Мы присаживаемся за какой-то дурацкий столик и заказываем себе кофе, который, кстати, не так уж плох. Когда кофе выпит, Александр вдруг замечает даму из Gucci, которая направляется туда же, куда и мы. Мы, как будто играя в «зеркало», следуем за ней по выставочному залу и присматриваемся к тем тканям, которые она выбирает. Мы проходим мимо стенда Siulas, литовской фирмы, изготовляющей х/б, и мимо Вег Lame (французский трикотаж), направляясь в следующий зал. Там мы останавливаемся, разглядывая итальянский шелк (один из самых дорогих на мировом рынке), переходим к Hokkoh Со. Этот японский текстиль стилизован под ручную работу — по крайней мере так сказано в их рекламной листовке. Потом мы перемещаемся к стенду Jackytex, чтобы полюбоваться их миленьким трикотажем. По правде говоря, нам нечего там делать. Но, после того как мы в шестой раз останавливаемся все вместе у прилавка с роскошными лиловыми шелками из Индии, наша дама начинает оглядываться на нас с явным раздражением. Александр полагает, что преследовать ее — очень весело, особенно если к тому же нам от этого есть польза.
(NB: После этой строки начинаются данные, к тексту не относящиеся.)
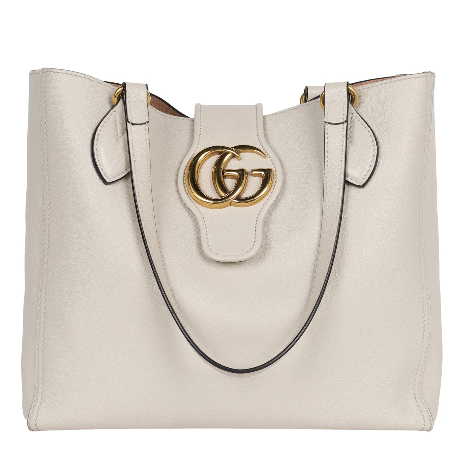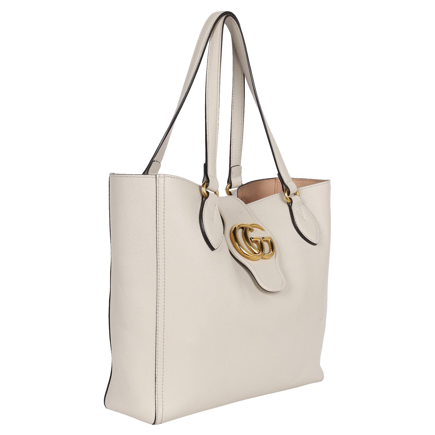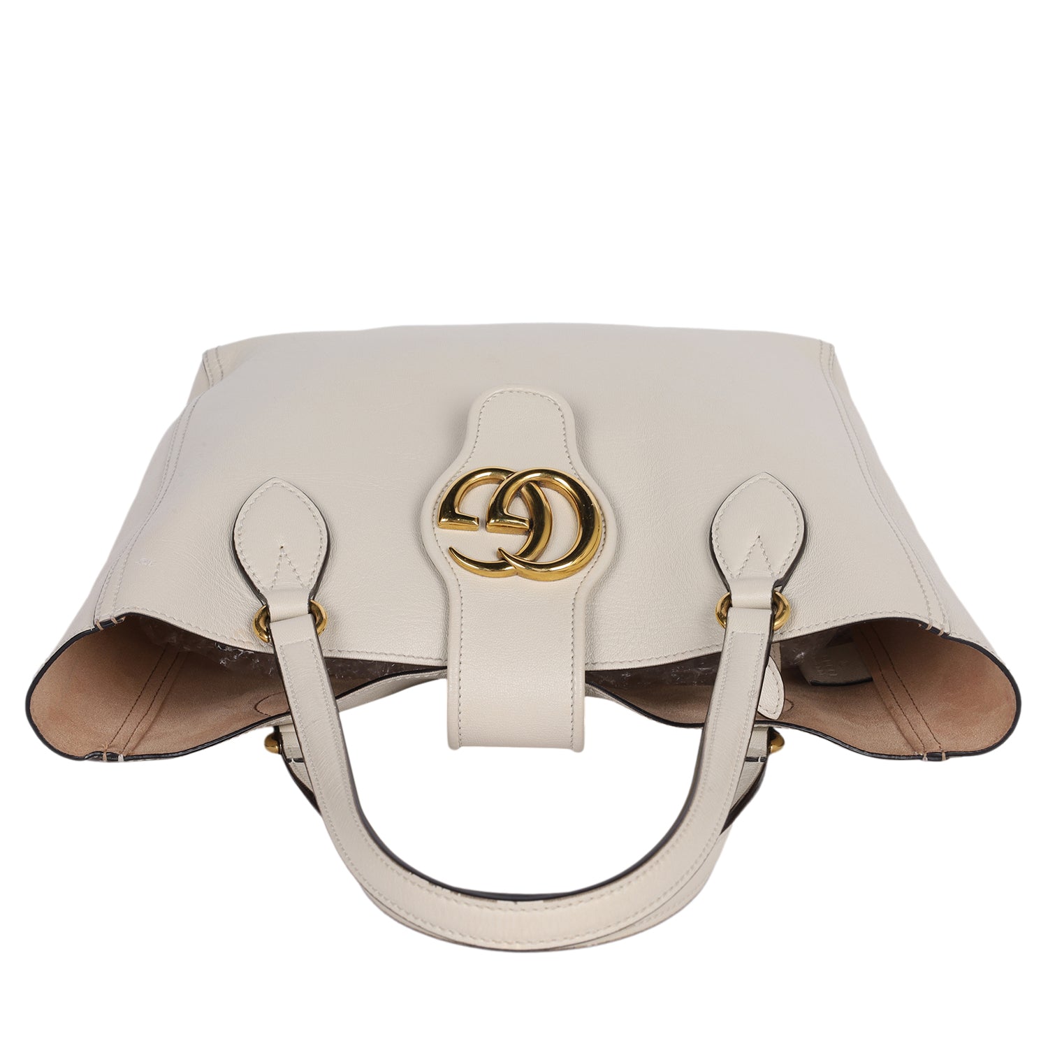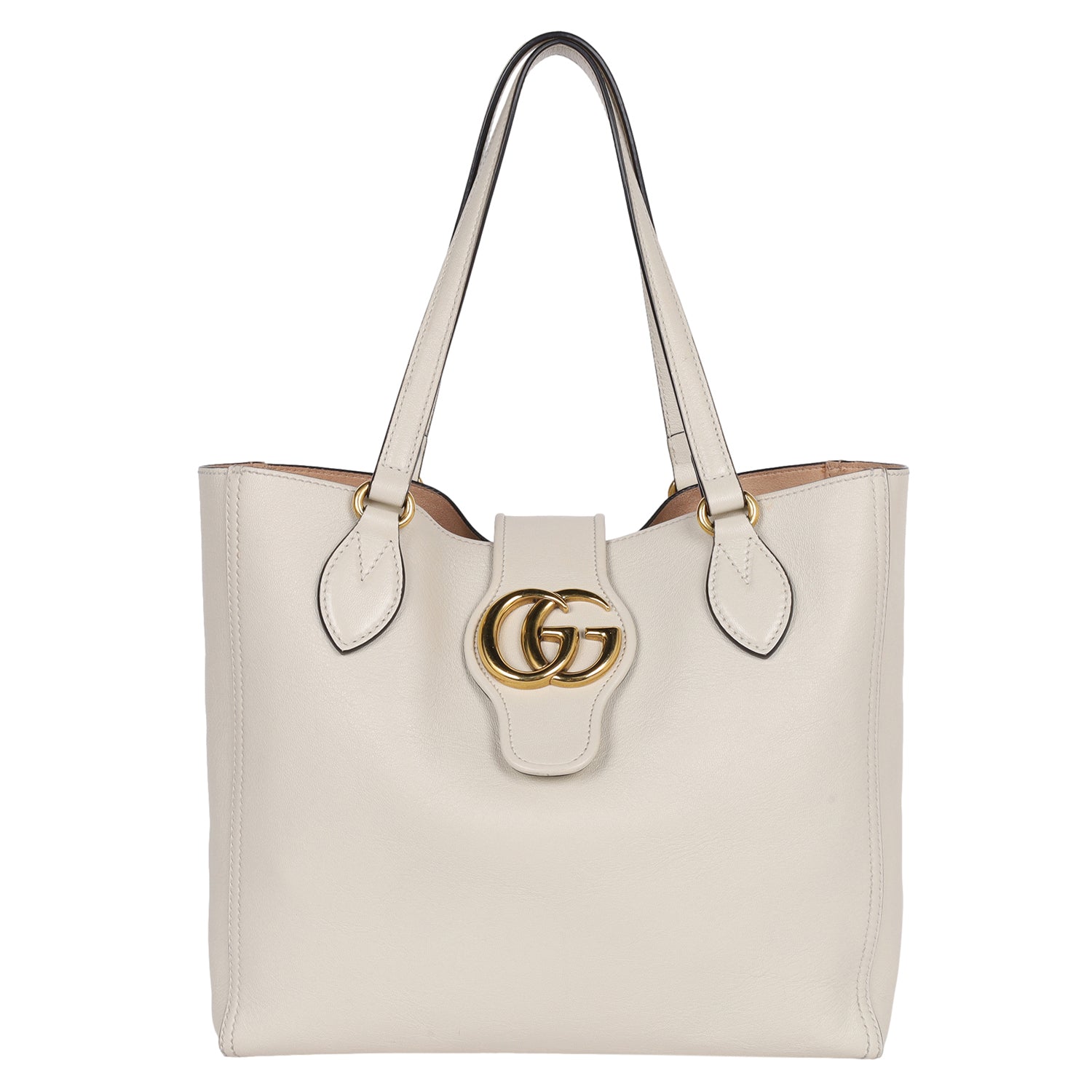 Authentic Gucci GG Sakai Calfskin Dahlia Shoulder bag in beige. This classic Gucci leather bag makes a perfect everyday bag. Features GG logo on the front closure, open top clasp closure, roomy interior with leather pochette, leather shoulder straps. This elegant tote will be your favorite bag as it easily holds all your daily essentials in style.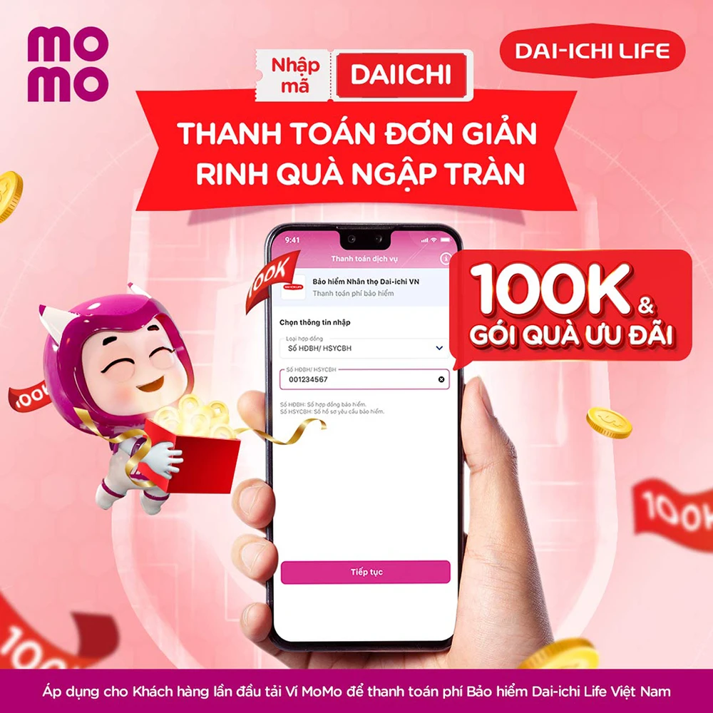 Chương trình diễn ra từ ngày 1-11 đến 31-12-2021, dành cho khách hàng lần đầu thanh toán phí bảo hiểm của Dai-ichi Life Việt Nam qua ví MoMo và được hoàn tiền ngẫu nhiên từ mệnh giá 10.000 đồng đến 100.000 đồng vào “Túi Thần Tài” trên MoMo.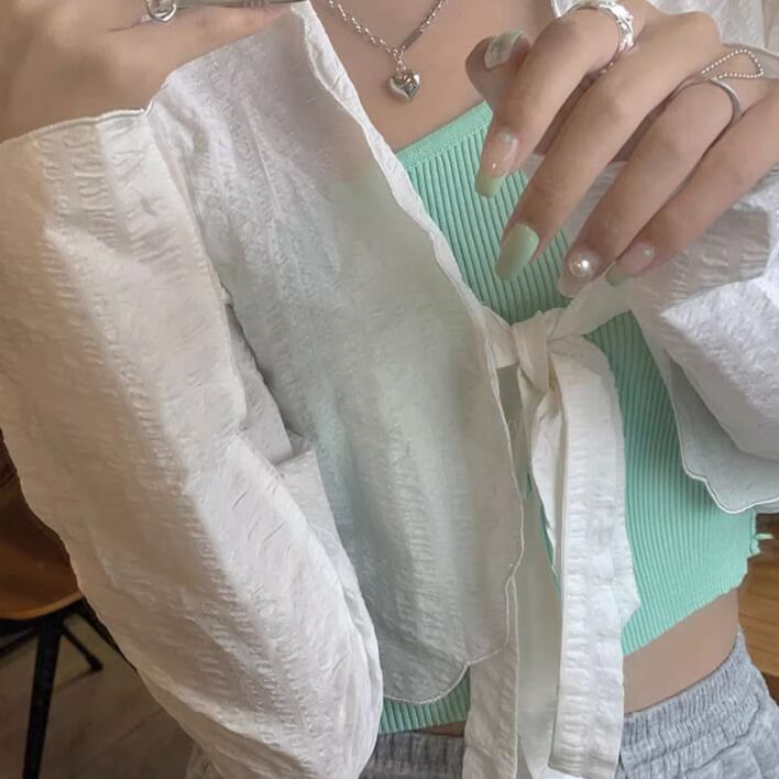 レディース トップス カーディガン 上着 羽織 ショート 長袖 ボリューム袖 パフスリーブ 襟なし ノーカラー ワイド オーバーサイズ リボン 前開き スカラップ 薄手 さらさら 凹凸感 大人可愛い シンプル カジュアル おしゃれ レトロ こなれ感 ラフ ガーリー ルーズ 個性的 存在感 抜け感 ラブリー キュート ラグジュアリー ロマンティック ナチュラル 休日感 ハイエンド フェミニン セクシー 大人女子 ニッチ 無地 春 夏 デート パーティー リゾート ビーチ お呼ばれ 韓国 楽ちん 体型カバー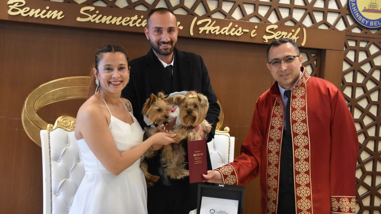 Şahinbey Belediyesi Evlendirme Memurluğuna başvuran Dilek Öztürk ile Hakan Özbek, nikah salonuna gelinlik ve damatlık giydirdikleri Yorkshire teriyeri cinsi köpekleri ile geldi. Gelin ve damadın kucağında gelinlik ve damatlık giyen köpekleri gören davetliler, uzun süre şaşkınlıklarını gizleyemedi. "Barney" ve "Betty" ismini verdikleri köpekleri ile nikah masasına oturan Dilek ve Hakan çiftinin nikah akdi Şahinbey Belediyesi tarafından yapıldı.

Я, со своей стороны, считаю, что с точки зрения бизнеса мы поступаем весьма мудро.

Наконец мы вынуждены ее покинуть. Она садится, заказывает себе кофе с молоком, и мне приходится очень постараться, чтобы уговорить Александра двинуться дальше. Нам нужно закончить это дело, прежде чем можно будет вернуться в Париж и пообщаться еще с несколькими клиентами. Мне хочется посмотреть, как будет выглядеть шотландское сукно в сочетании с тонкой розовой подкладкой — я уже задумала несколько узеньких жакетов такого фасона. У меня есть некоторые претензии к шотландке — она довольно груба и консервативна. Ассоциируется с лондонскими клубами и сигарным дымом. Но если мы добавим капельку розового, то это, во-первых, ее модернизирует, а во-вторых, внесет немного иронии. По крайней мере я на это надеюсь. Мы проводим около часа, беседуя с шотландцами, и они сообщают нам, что продают только оптом — начиная с двухсот метров. Ненавижу такие фокусы. Это одна из причин, по которой маленькие модные дома наподобие моего не держатся на плаву. Чертовы рвачи! Мне нужно всего лишь шестьдесят метров. Иногда продавцы снисходят к моим мольбам и сокращают свою норму до ста; но поскольку я собираюсь сшить всего лишь двадцать жакетов, то что мне делать с оставшимися сорока метрами?! В конце концов, я каким-то чудом их уламываю, и они сбавляют минимум до ста пятидесяти. Александр говорит, что я спятила. Возможно. У меня все еще трещит голова после вчерашнего, и, вероятно, поэтому я так быстро сдаюсь. А что мне еще остается? Тем более что нам пора возвращаться. Яркий свет и красные стены раздражают до невозможности. В любом случае, теперь темная клетчатая ткань, освеженная вкраплениями розового, станет не просто отличительной чертой моей новой коллекции — она будет задавать тон, пусть даже я еще не успела придумать, как именно. Надеюсь, что не совершаю непоправимой ошибки.

Мы возвращаемся на поезде; я вся в холодном поту.

— Тебе не кажется, что я все испортила? — спрашиваю я у Александра.

— Вполне возможно, зимой мы пойдем по миру, — отвечает он с улыбкой.

— Черт! — Я начинаю чесать тыльную сторону ладони — всегда так делаю, когда сильно нервничаю. — Ох, черт!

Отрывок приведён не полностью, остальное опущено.